The resellers do not use the official exchange rate for the dollar, set at 1 in 24, but instead are guided by the price of the fulas [dollars] in the informal market. “People complain that the merchandise is expensive but I’m selling this large can of concentrated tomato puree for 800 pesos because it costs me about 18 dollars, plus a whole morning. I put the dollar at 47 CUP [Cuban pesos] so I’m almost giving away the merchandise.”

Currency stores have caused deep discontent among broad social sectors. Faced with the avalanche of popular complaints about the social differences that these markets deepen, the Minister of Economy, Alejandro Gil, tried to calm things down last December and assured that the opening of foreign currency stores for the sale of food and cleaning products was “a decision of social justice and socialism.”
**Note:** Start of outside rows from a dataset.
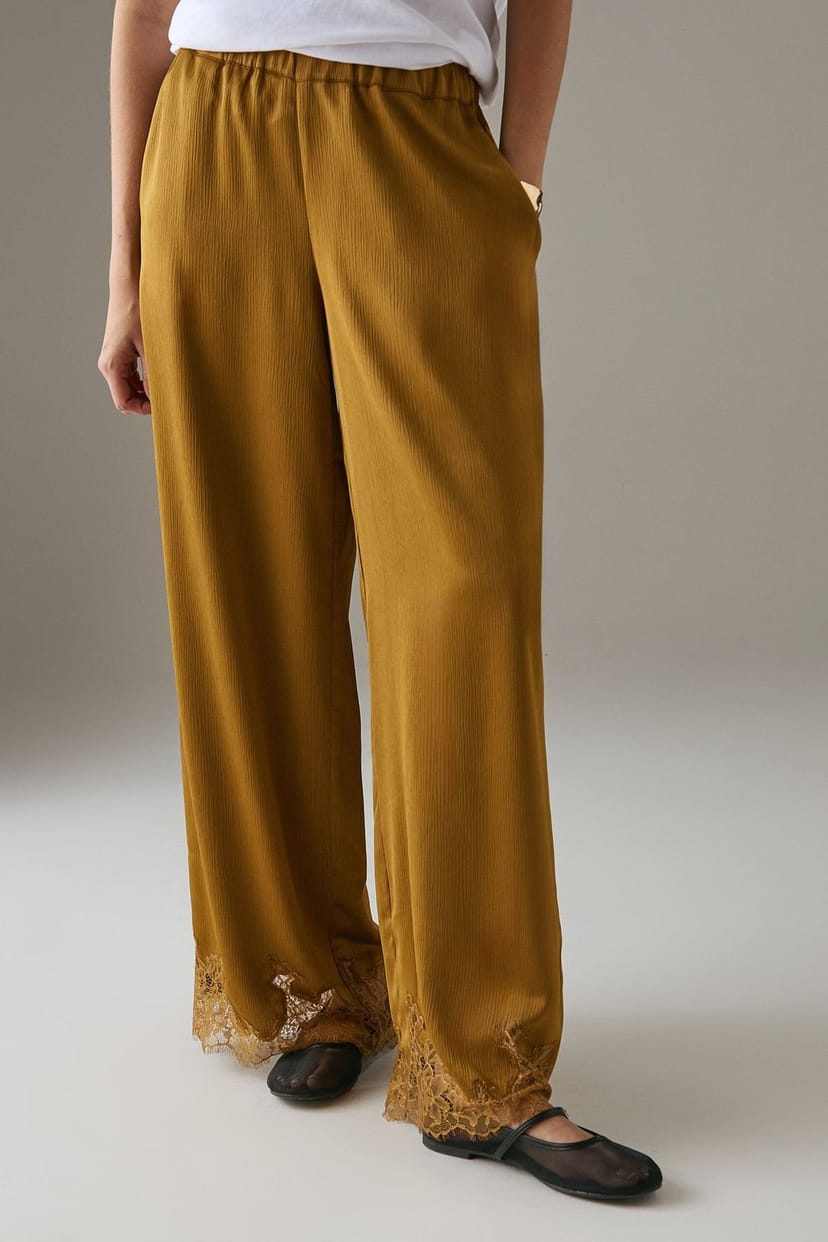 The Warehouse Ochre Satin Lace Trousers for Women is made from satin, lace.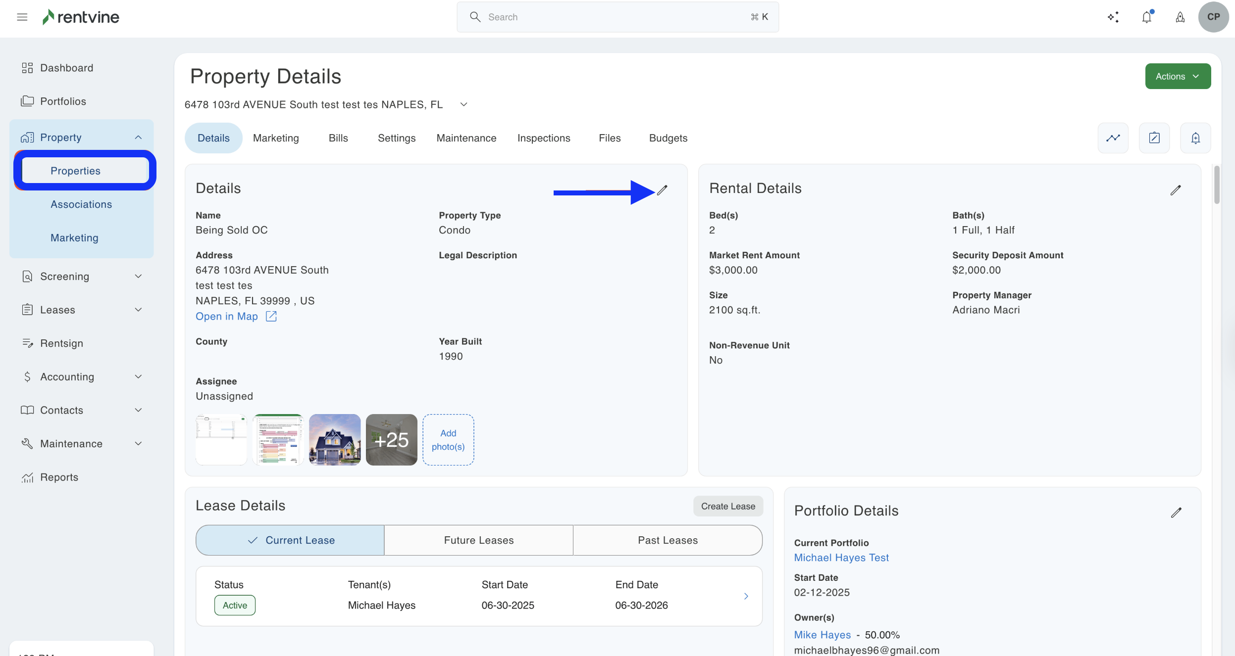- From the dashboard view of Rentvine, click on the Property dropdown on the left-hand side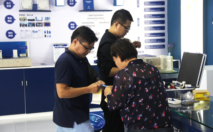 于總還通過(guò)家居防水模型等,介紹公司339定制防水系統(tǒng)優(yōu)勢(shì)及吸引力,以及特色防水維修補(bǔ)漏產(chǎn)品的使用。定制式的防水方案設(shè)計(jì),讓客人佩服的五體投地!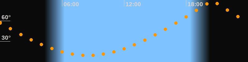 | Höchster Stand (Kulmination) | 20:30 Uhr (h = 88,3°) |

“An undersupplied market does not attract foreign currency,” the minister explained then, referring to what many Cubans have classified as a “monetary apartheid” that divides society between those who have dollars to buy products in these shops and those who must meet their needs in the network of stores that sell in national currency.

However, to the same extent that a large part of Cuban society criticizes the opening of these shops, others have seen their resources grow, serving as a bridge between merchandise in dollars and anxious customers who cannot find these products in the stores that sell in Cuban pesos or convertible pesos.

“Call me for more details on what I’m getting tomorrow. Top-notch merchandise from the dollar stores,” reads an ad. “Leave the Line to me and avoid leaving the house, from the market to your table,” adds the classified. “Don’t worry, I’ll take care of it,” specifies the short text that invites you to follow “the offers on WhatsApp.”